Evaluation is crucial for retrieval augmented generation (RAG) pipelines as it ensures the accuracy and relevance of information retrieved as well as the generated content.
There are 3 components needed for evaluating the performance of a RAG pipeline:
- Data for testing.
- Automated metrics to measure performance of both the context retrieval and response generation.
- Human-like evaluation of the generated response from the end-to-end pipeline.
⚠️ NOTE This tool provides a set of notebooks that show examples of how to address these requirements in an automated fashion for the default canonical developer rag example.

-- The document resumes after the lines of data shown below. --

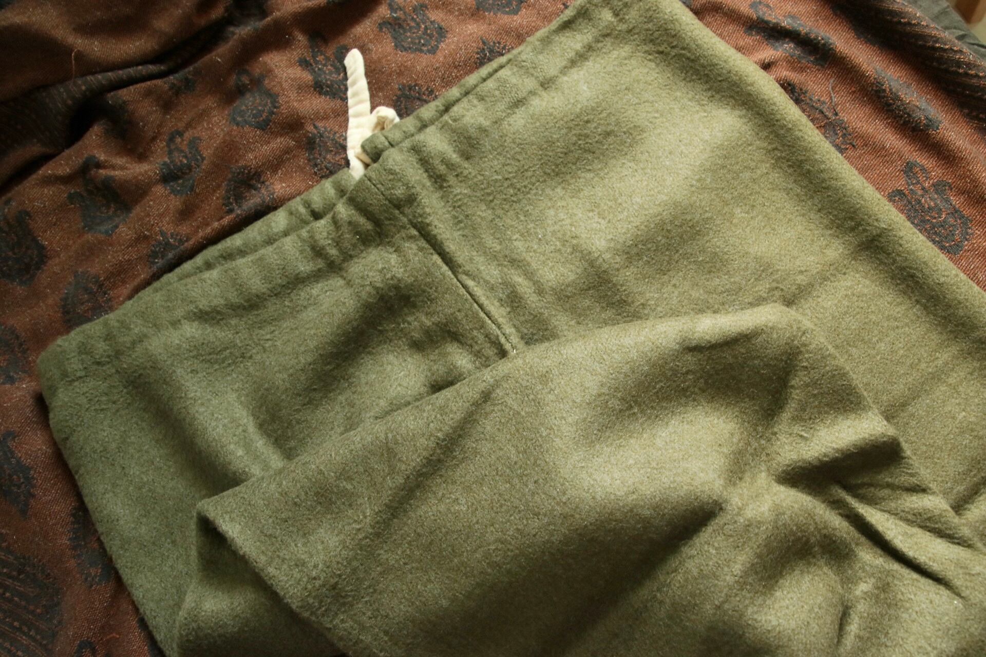 ドローコード仕様の太いパンツ。
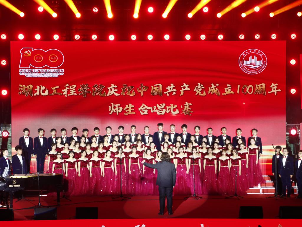 由团学组织的同学们组成的青春湖工合唱团齐唱《没有共产党就没有新中国》,拉开了比赛的序幕。随后,来自16个教学公司的参赛队按照抽签顺序依次登台,用高亢嘹亮的歌声唱出中国共产党100年伟大历程中的光辉篇章。比赛中,一首首经典歌曲展现了一段段激情燃烧的岁月,不仅让现场师生重温了中国共产党的奋斗历史,更唱出了全体师生为实现中华民族伟大复兴的中国梦继续奋斗的昂扬斗志,也表达了大家对公司的美好祝愿。
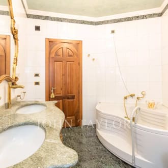 Le Vésinet. Calm and serenity are the utmost luxury for this sublime Palais located just 20 minutes away from Paris porte Maillot. Nested in the luxurious Parc des Ibis of Le Vesinet, this inspired Grand Trianon palace provides 1769 sq. meters of family and entertaining space over lower ground, garden level and ground floor. The property includes the main villa, a caretaker villa, staff accomodations, a Guest house and garages, set in a 7000 sq. meters immaculate and lush landscaped grounds. RECEPTION AREA - GROUND FLOOR • Reception hall • Reception room • Living room • Winter garden • La Cornue kitchen • Dining room • Galerie PRIVATE AREA - GARDEN LEVEL • Private living room • 3 bedrooms suite • Owner’s suite • «His and Her» dressing rooms • «His and Her» bathrooms BASEMENT • Cinema • Game room • Massage and yoga room • Swimming pool • Sauna/hammam • Changing rooms and showers • Fully equipped gym • Squash court • Closed garage for 3 cars • Technical rooms HERMITAGE HOUSE • Independent Guest house with: - Living room, office, kitchen, laundry room - 4 Bedrooms with bathrooms LANDSCAPED GARDENS AND GROUND • Japanese garden • Roseraie • Soccer field • Fountain • Greenhouse OUTBUILDINGS • Independent caretaker villa with 1 bedroom, bathroom, living room and kitchen • Independent staff villa with 2 bedrooms, bathrooms, living room and kitchen SECURITY FEATURES • Security throughout the property with highly sophisticated surveillance and monitoring equipment.

Using an existing knowledge base we can synthetically generate question|answer|context triplets using a LLM. This tool uses the Llama 2 70B model on Nvidia AI Playground for data generation.
RAGAS is an automated metrics tool for measuring performance of both the retriever and generator. We utilize the Nvidia AI Playground langchain wrapper to run RAGAS evaluation on our example RAG pipeline.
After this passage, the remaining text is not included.